What the task asks >> The answer must consist solely of the lines from the line with "Simple, modern design" to the end of the data below, transcribed exactly and with no pictures.

Working data >>
"""

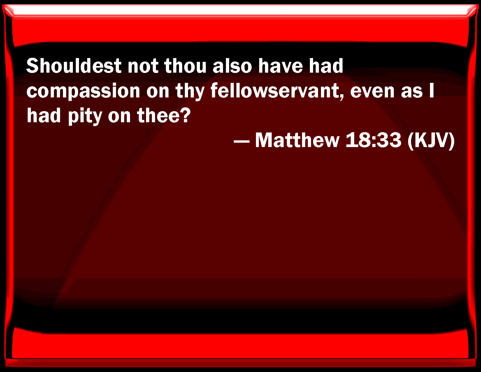 Matthew 18:33 Should not you also have had compassion on your fellow servant, even as I had pity on you?
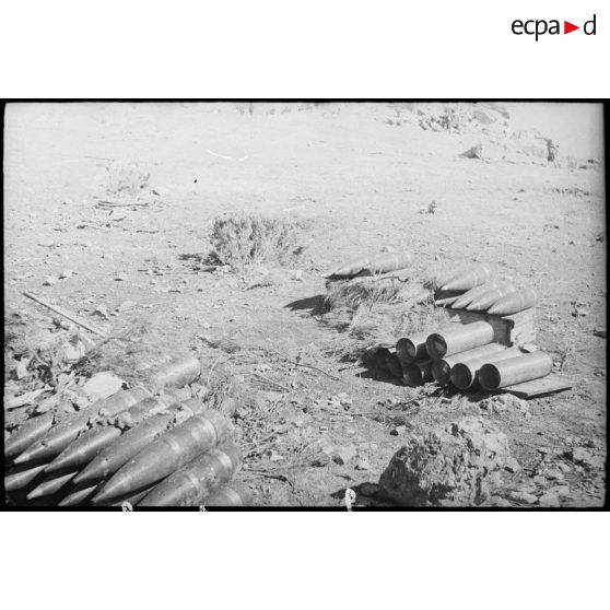 Obus de 152 mm abandonnés par les Allemands du 190 Artillerie-Regiment 190 mot. de la 90. Panzergrenadier division, à l'issue des combats au col de Teghime.
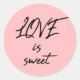 Simple, modern design for your bakery packaging ''love is sweet'' stickers in soft pink.
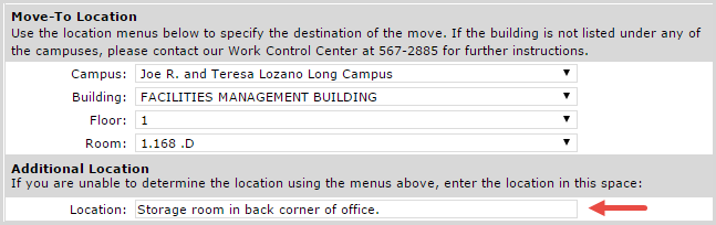 Once you have entered the detailed instructions, you will then be required to fill out the section labelled 'Move-To Location' to specify where the items will be going.
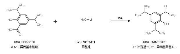 2.通過(guò)3,5-二異丙基水楊酸和甲基鋰合成1-(2-羥基-3,5-二異丙基苯基)乙酮,收率約75%;
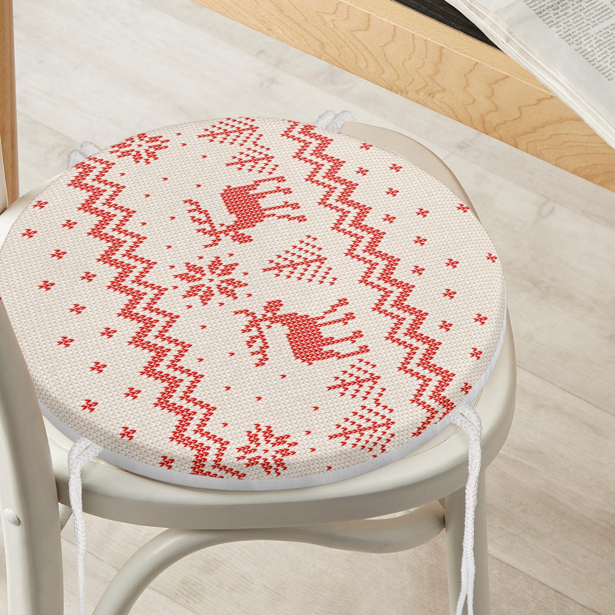 Kanaviçe Motifli Yılbaşı Temalı Dijital Baskılı Yuvarlak Fermuarlı Sandalye Minderi Realhomes
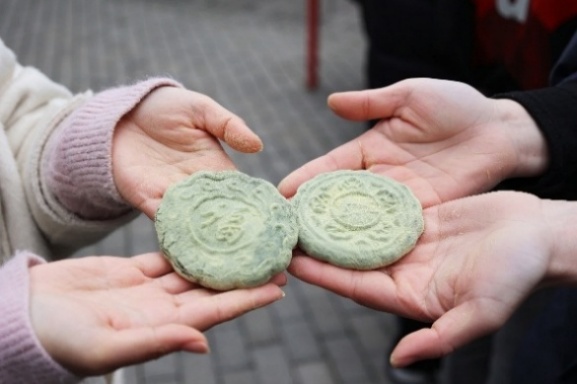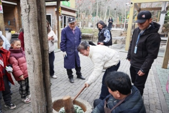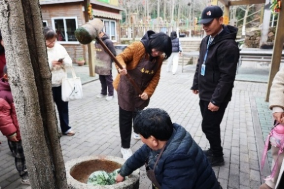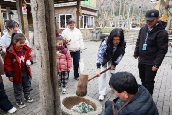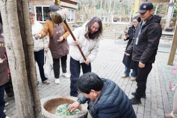 女教职工们在中国天然氧吧——酒缸潭体验了青饼的制作。老师们轮流上阵,挥动木槌捣打浸泡蒸制后泛着清香的糯米团与鲜嫩艾草泥的混合原料。不一会儿,这团混着米香与艾香的食材就被捣得油光可鉴。老师们一边揉搓,一边用模具将青饼压制成形,一个个色泽翠绿、形状规整的青饼,在欢声笑语中诞生。
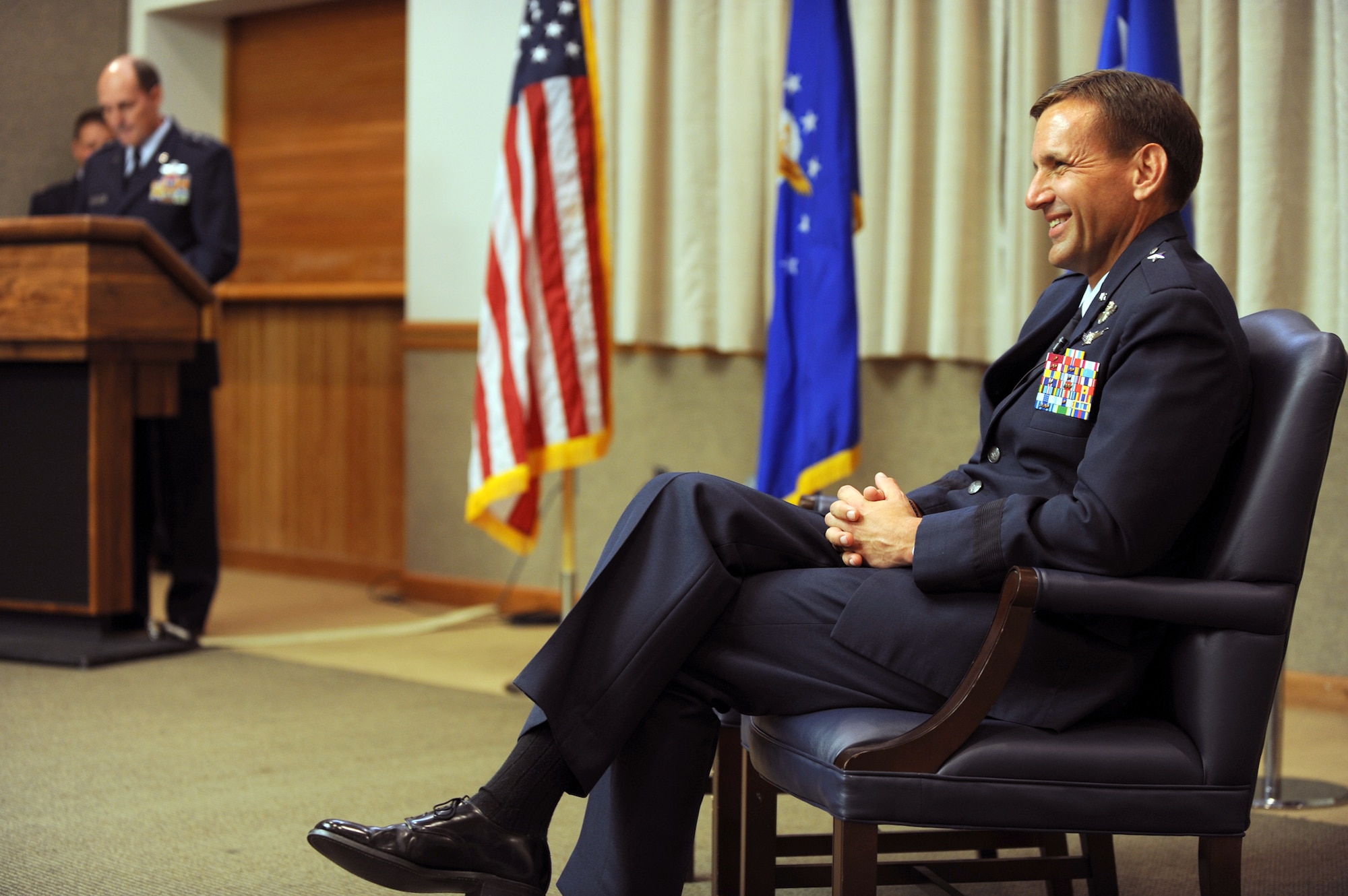 Retired Maj. Gen. Lawrence Johnston, former U.S Air force Warfare Center commander, administers the oath of office to the recently promoted Maj. Gen. Ted Kresge, USAFWC commander, during his promotion ceremony Aug. 10 at Nellis Air Force Base, Nev. The USAFWC's mission is to shape the way our force fights through operational testing, tactics development, and advanced training in air, space, and cyberspace at the operational and tactical levels. (U.S. Air Force Photo/Tech. Sgt. Michael R. Holzworth)

"""

Exercise output >>
 Simple, modern design for your bakery packaging ''love is sweet'' stickers in soft pink.
 Once you have entered the detailed instructions, you will then be required to fill out the section labelled 'Move-To Location' to specify where the items will be going.
 2.通過(guò)3,5-二異丙基水楊酸和甲基鋰合成1-(2-羥基-3,5-二異丙基苯基)乙酮,收率約75%;
 Kanaviçe Motifli Yılbaşı Temalı Dijital Baskılı Yuvarlak Fermuarlı Sandalye Minderi Realhomes
 女教职工们在中国天然氧吧——酒缸潭体验了青饼的制作。老师们轮流上阵,挥动木槌捣打浸泡蒸制后泛着清香的糯米团与鲜嫩艾草泥的混合原料。不一会儿,这团混着米香与艾香的食材就被捣得油光可鉴。老师们一边揉搓,一边用模具将青饼压制成形,一个个色泽翠绿、形状规整的青饼,在欢声笑语中诞生。
 Retired Maj. Gen. Lawrence Johnston, former U.S Air force Warfare Center commander, administers the oath of office to the recently promoted Maj. Gen. Ted Kresge, USAFWC commander, during his promotion ceremony Aug. 10 at Nellis Air Force Base, Nev. The USAFWC's mission is to shape the way our force fights through operational testing, tactics development, and advanced training in air, space, and cyberspace at the operational and tactical levels. (U.S. Air Force Photo/Tech. Sgt. Michael R. Holzworth)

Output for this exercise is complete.